REPUBLIKA.CO.ID, KINSHASA -- Kasus Ebola di Republik Demokratik Kongo terus meningkat. Saat ini jumlah warga yang telah terserang penyakit tersebut berjumlah 60 orang.
"Penyakit ini aktif, tidak terkontrol," kata Direktur Program Kedaruratan Organisasi Kesehatan Dunia (WHO) Mike Ryan dalam sebuah konferensi virtual pada Senin (27/7).
Ryan menyoroti praktik penguburan terhadap korban. Menurutnya hal itu dapat menjadi momen penularan dan penyebaran Ebola. Sejak Juni, sekelompok kasus Ebola terdeteksi di daerah Mbandaka. Wabah tersebut telah menyebar ke enam zona kesehatan, dengan 56 kasus tercatat. Jumlah itu lebih tinggi dibandingkan saat Ebola ditemukan di sana pada 2018 yakni sebanyak 54 kasus terkonfirmasi.
"Merespons Ebola di tengah-tengah pandemi Covid-19 yang sedang berlangsung adalah kompleks, tetapi kita tidak boleh membiarkan Covid-19 mengalihkan kita dari penanganan ancaman kesehatan mendesak lainnya," kata Direktur Regional WHO untuk Afrika Matshidiso Moeti pada 17 Juli lalu, dikutip laman allAfrica.
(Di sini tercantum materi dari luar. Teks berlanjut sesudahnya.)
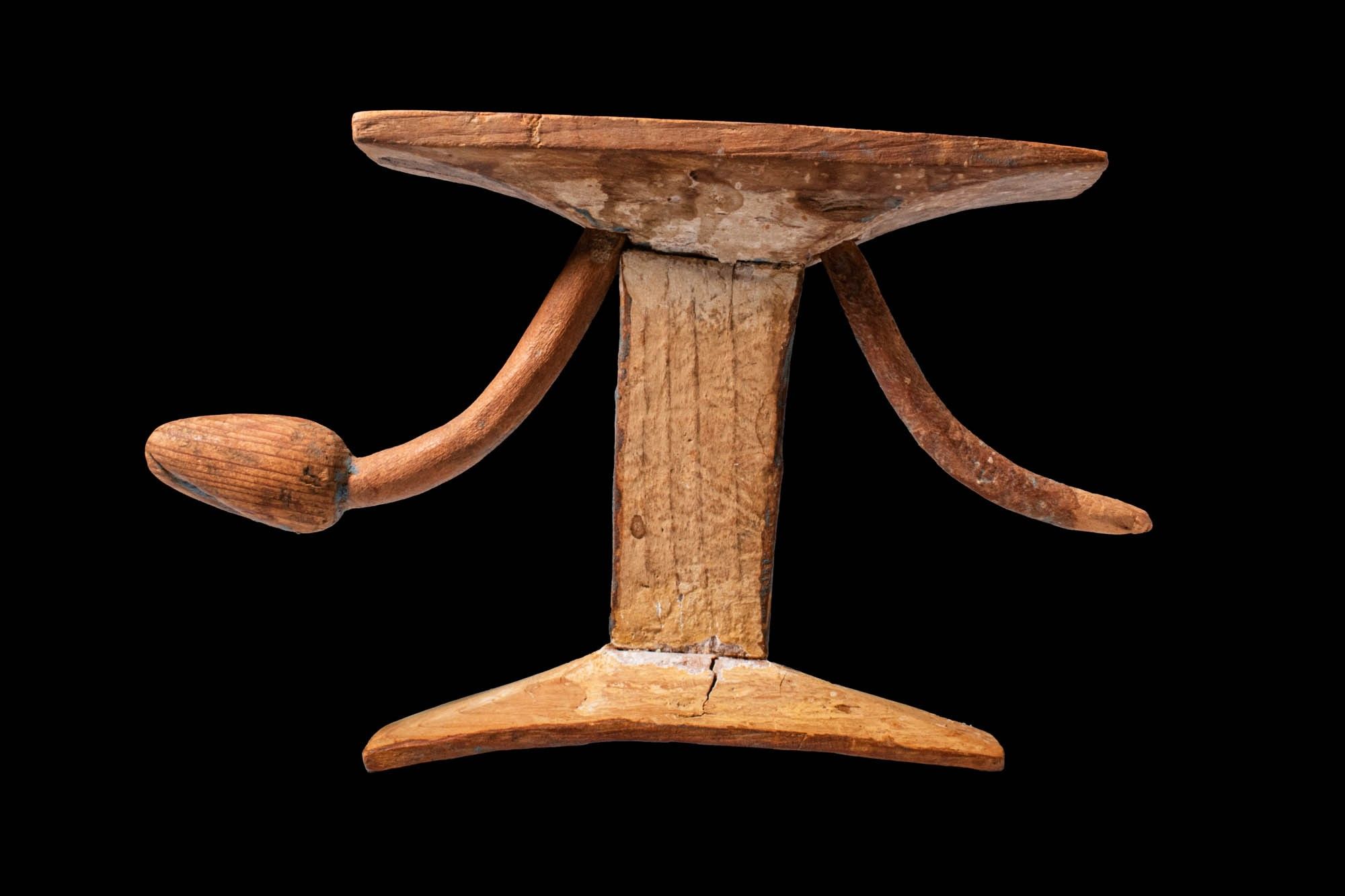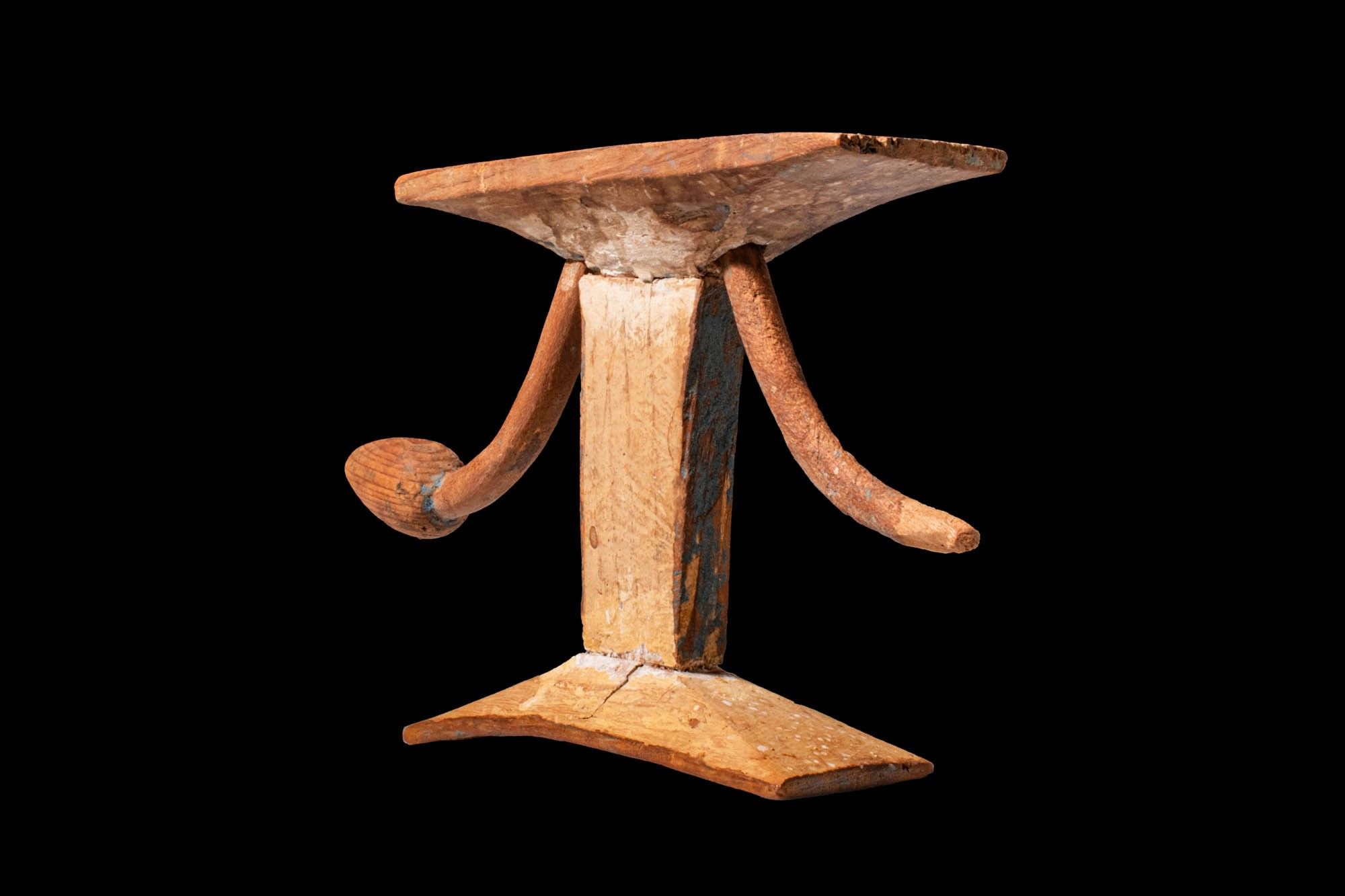 EGYPTIAN WOODEN HEADREST WITH LOTUS BUDS.

Menurut Moeti, kasus-kasus Ebola yang dilaporkan saat ini berada atau tersebar di daerah terpencil di hutan hujan lebat. "Ini menghasilkan respons yang mahal karena memastikan bahwa responden dan persediaan mencapai populasi yang terkena dampak sangat sulit," ujarnya.
Respons Ebola yang sedang berlangsung menghadapi kekurangan dana. Sejauh ini WHO telah mengucurkan 1,75 juta dolar AS yang hanya dapat bertahan beberapa pekan.
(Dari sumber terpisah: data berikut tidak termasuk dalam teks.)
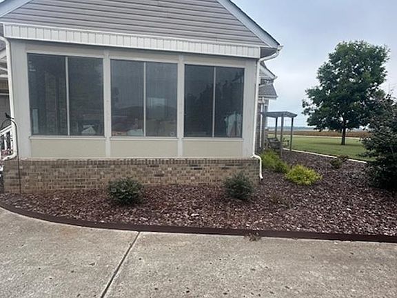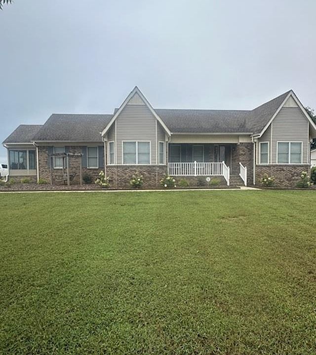 This beautiful 2,465 sq ft home has it all! It sits on .9 acre of manicured lawn and low maintenance shrubs and trees.  Double bay windows adorn the front of the house. As you enter the front door you are greeted with cool toned wall colors and shining Red Oak hardwood flooring is in all the rooms except the kitchen/laundry and bathrooms which have waterproof ceramic tile. The split floor plan provides privacy and separation of noise. From the front entrance a formal dining room is located on the left across the hallway to the right are two bedrooms separated by a full bath and two linen closets. Forward from the front foyer is a large family room that has a beautiful Red Oak with Marble inset gas log fireplace. Full length windows provide and abundance of natural light. The eat in kitchen ample cabinetry. All appliances are less than three years old as is the HVAC unit. The primary suite is a true retreat with huge glamour bath. And you can have your coffee in the glassed in sunroom.
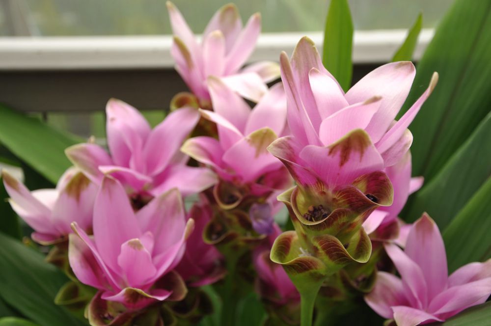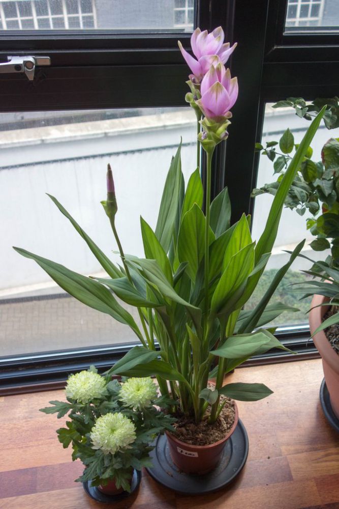 Виды и сорта: Прицветники К. роскойской (С. roscoeana) из зеленых становятся оранжевыми, а затем оранжево-красными. Есть виды с более мелкими соцветиями, например К. частухолистная (С. alismatifolia). Можно выращивать и обычную, съедобную К. длинную (C. longa), цветет она белыми или сиреневыми соцветиями, бонусом будут ароматные корневища.

Dukungan tambahan diperlukan guna meningkatkan upaya WHO, otoritas kesehatan Kongo, dan mitra secara cepat untuk memastikan semua masyarakat yang terkena dampak menerima layanan utama. Hal itu termasuk pendidikan kesehatan dan keterlibatan masyarakat, vaksinasi, pengujian, pelacakan kontak, serta perawatan.
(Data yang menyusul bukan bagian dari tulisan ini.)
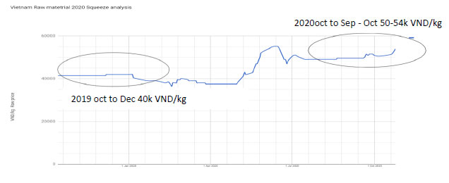 YTD 2020 despite being affected by Covid-19 was a good year in terms of Exports. The shipments from Vietnam from Jan to Sep or the first 9 months were down by 8%. The biggest fall in exports came from imports drop from China at 8,000 MT out of the total drop of 19,536 MT. The crop in Vietnam was short by 10% i.e. 25,000 MT and considering that many countries bought a little but more towards the end of 2019 for shipment in 2020, their offtake in 2020 was therefore marginally lower. Overall, the shipments and crop availability from Vietnam have been balanced. This kept prices stable till the first half of the year. As soon as China came back to market, the prices rose as supply was just in balance to demand and therefore any sudden spike in buying led to increase in price followed by a steady drop to stabilized at 50,000 VND/Kg of raw material.
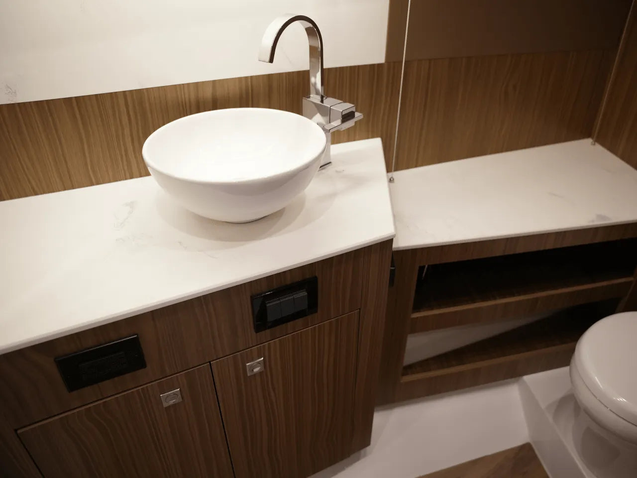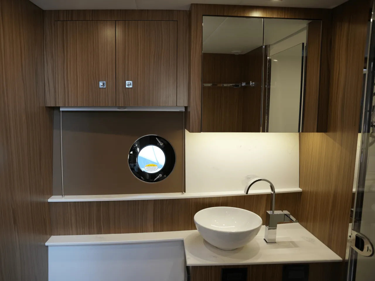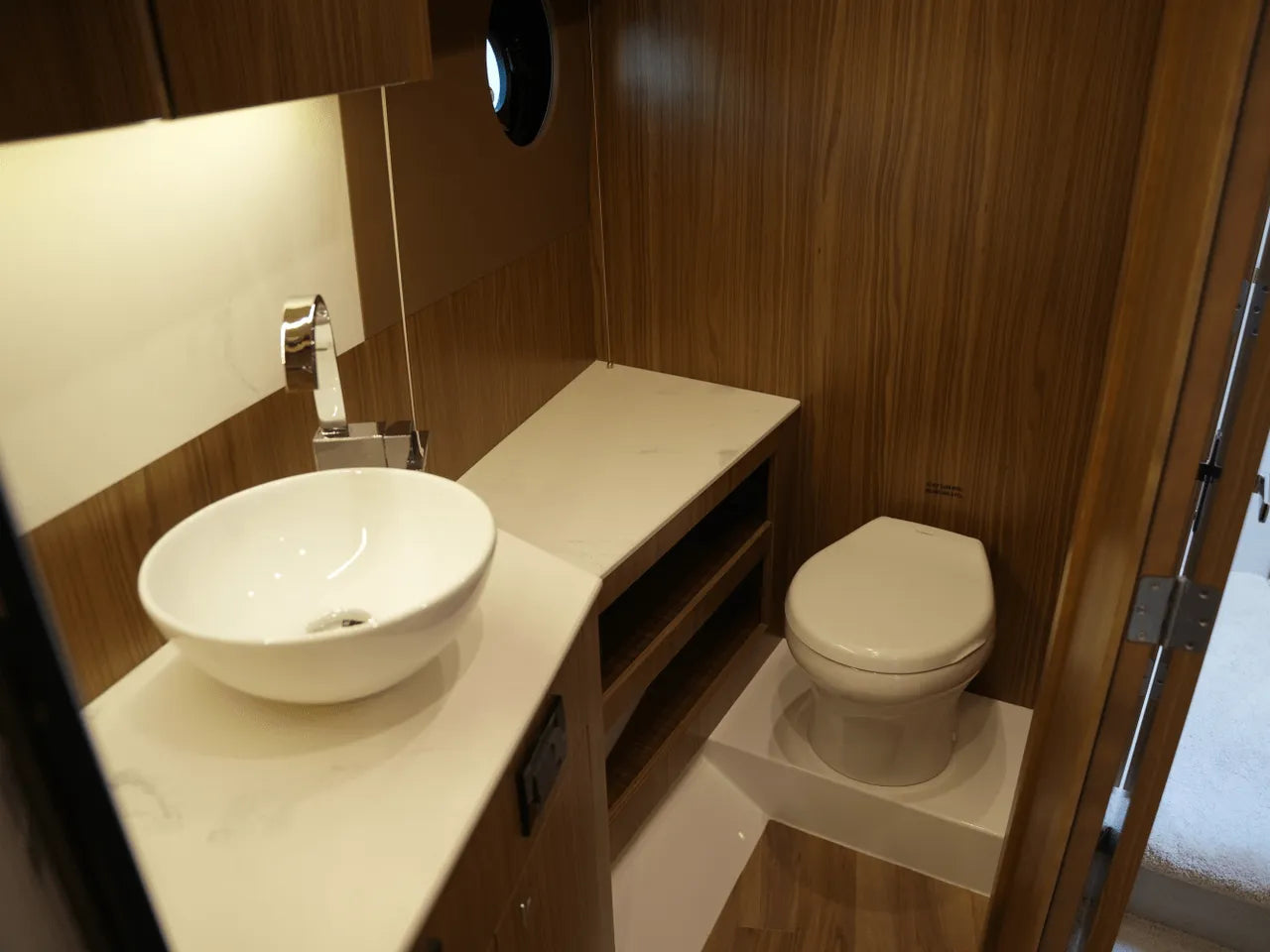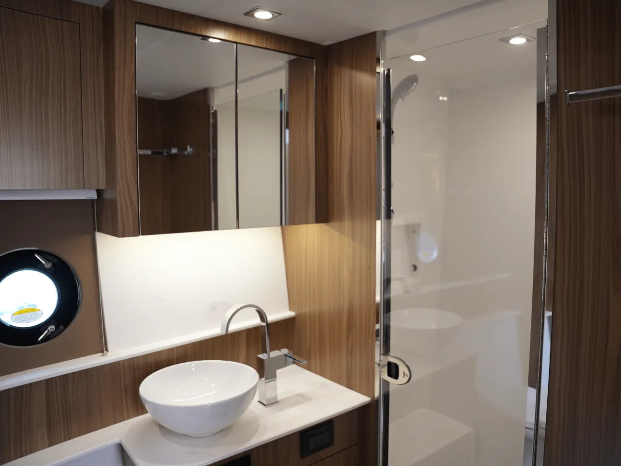 - Equipped with Volvo D6 600 IPS DPS EVC ACP 440 HP engines, offering powerful, efficient performance with joystick control for effortless docking and maneuverability.

Pencapaian signifikan telah dibuat sejak wabah dimulai. Dalam enam pekan, lebih dari 12 ribu orang telah divaksinasi. Selama wabah 2018 d Provinsi Equateur, butuh dua pekan untuk memulai vaksinasi. Kali ini vaksinasi dimulai dalam waktu empat hari sejak wabah diumumkan.
Respons saat ini dibangun berdasarkan pelajaran yang dipetik dari wabah Ebola sebelumnya di Kongo, yakni menggarisbawahi pentingnya bekerja sama dengan masyarakat. Sekitar 90 persen dari vaksinator saat ini berasal dari masyarakat setempat.